┌─ GIVEN RECORDS

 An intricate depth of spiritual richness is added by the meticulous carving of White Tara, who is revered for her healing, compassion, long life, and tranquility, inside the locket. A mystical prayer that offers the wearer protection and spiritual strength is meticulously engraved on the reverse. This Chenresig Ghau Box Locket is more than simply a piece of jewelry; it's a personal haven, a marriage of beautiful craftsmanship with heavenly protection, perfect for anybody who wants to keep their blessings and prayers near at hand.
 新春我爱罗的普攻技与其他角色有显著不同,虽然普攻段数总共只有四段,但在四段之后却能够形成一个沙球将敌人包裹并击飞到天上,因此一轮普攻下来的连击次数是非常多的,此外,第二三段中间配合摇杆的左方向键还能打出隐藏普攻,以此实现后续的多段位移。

└─
┌─ GIVEN RECORDS

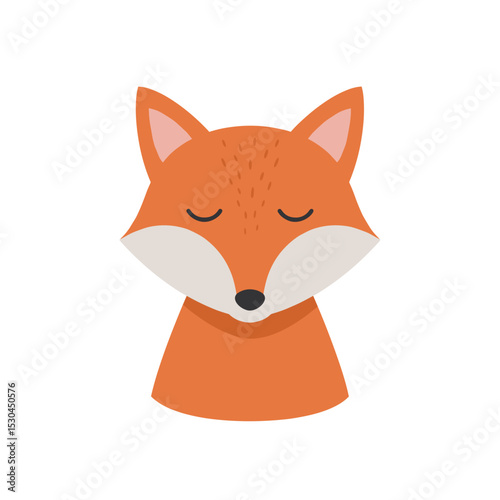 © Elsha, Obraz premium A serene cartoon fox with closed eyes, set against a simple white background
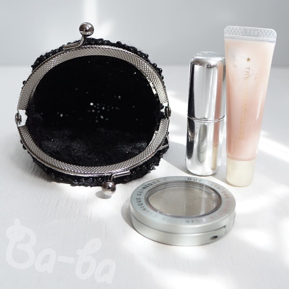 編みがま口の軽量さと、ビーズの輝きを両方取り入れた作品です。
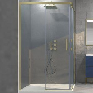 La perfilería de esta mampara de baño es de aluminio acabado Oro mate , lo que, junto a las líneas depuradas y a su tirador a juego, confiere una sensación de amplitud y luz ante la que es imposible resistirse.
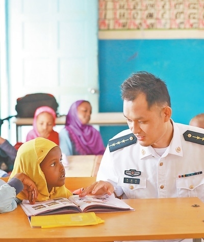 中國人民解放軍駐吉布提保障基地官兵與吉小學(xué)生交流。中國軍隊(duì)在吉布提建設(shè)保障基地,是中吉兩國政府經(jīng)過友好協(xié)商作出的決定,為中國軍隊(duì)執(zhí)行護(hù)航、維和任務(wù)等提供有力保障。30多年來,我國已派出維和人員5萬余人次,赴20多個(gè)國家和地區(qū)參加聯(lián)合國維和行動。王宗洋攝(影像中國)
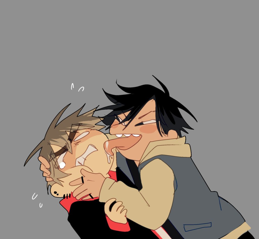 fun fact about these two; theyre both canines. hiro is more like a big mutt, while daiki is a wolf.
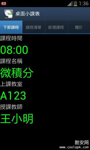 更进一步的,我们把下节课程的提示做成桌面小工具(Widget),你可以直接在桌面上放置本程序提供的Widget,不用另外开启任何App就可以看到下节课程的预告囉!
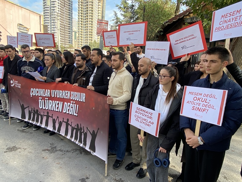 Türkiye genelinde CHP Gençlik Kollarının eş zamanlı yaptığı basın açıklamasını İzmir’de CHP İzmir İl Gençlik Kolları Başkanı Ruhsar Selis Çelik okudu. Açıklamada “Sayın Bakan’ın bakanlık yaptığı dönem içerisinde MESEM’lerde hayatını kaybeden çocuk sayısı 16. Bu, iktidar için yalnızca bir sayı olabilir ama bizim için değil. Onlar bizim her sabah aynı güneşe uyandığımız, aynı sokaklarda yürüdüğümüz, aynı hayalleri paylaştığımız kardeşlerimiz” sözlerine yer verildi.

└─

▸ WHAT IS BEING ASKED
Copy word for word the lines above, starting at the line containing "La perfilería de" and ending at the line containing "Türkiye genelinde CHP", inclusive, with no pictures.

▸ RESPONSE BELOW
 La perfilería de esta mampara de baño es de aluminio acabado Oro mate , lo que, junto a las líneas depuradas y a su tirador a juego, confiere una sensación de amplitud y luz ante la que es imposible resistirse.
 中國人民解放軍駐吉布提保障基地官兵與吉小學(xué)生交流。中國軍隊(duì)在吉布提建設(shè)保障基地,是中吉兩國政府經(jīng)過友好協(xié)商作出的決定,為中國軍隊(duì)執(zhí)行護(hù)航、維和任務(wù)等提供有力保障。30多年來,我國已派出維和人員5萬余人次,赴20多個(gè)國家和地區(qū)參加聯(lián)合國維和行動。王宗洋攝(影像中國)
 fun fact about these two; theyre both canines. hiro is more like a big mutt, while daiki is a wolf.
 更进一步的,我们把下节课程的提示做成桌面小工具(Widget),你可以直接在桌面上放置本程序提供的Widget,不用另外开启任何App就可以看到下节课程的预告囉!
 Türkiye genelinde CHP Gençlik Kollarının eş zamanlı yaptığı basın açıklamasını İzmir’de CHP İzmir İl Gençlik Kolları Başkanı Ruhsar Selis Çelik okudu. Açıklamada “Sayın Bakan’ın bakanlık yaptığı dönem içerisinde MESEM’lerde hayatını kaybeden çocuk sayısı 16. Bu, iktidar için yalnızca bir sayı olabilir ama bizim için değil. Onlar bizim her sabah aynı güneşe uyandığımız, aynı sokaklarda yürüdüğümüz, aynı hayalleri paylaştığımız kardeşlerimiz” sözlerine yer verildi.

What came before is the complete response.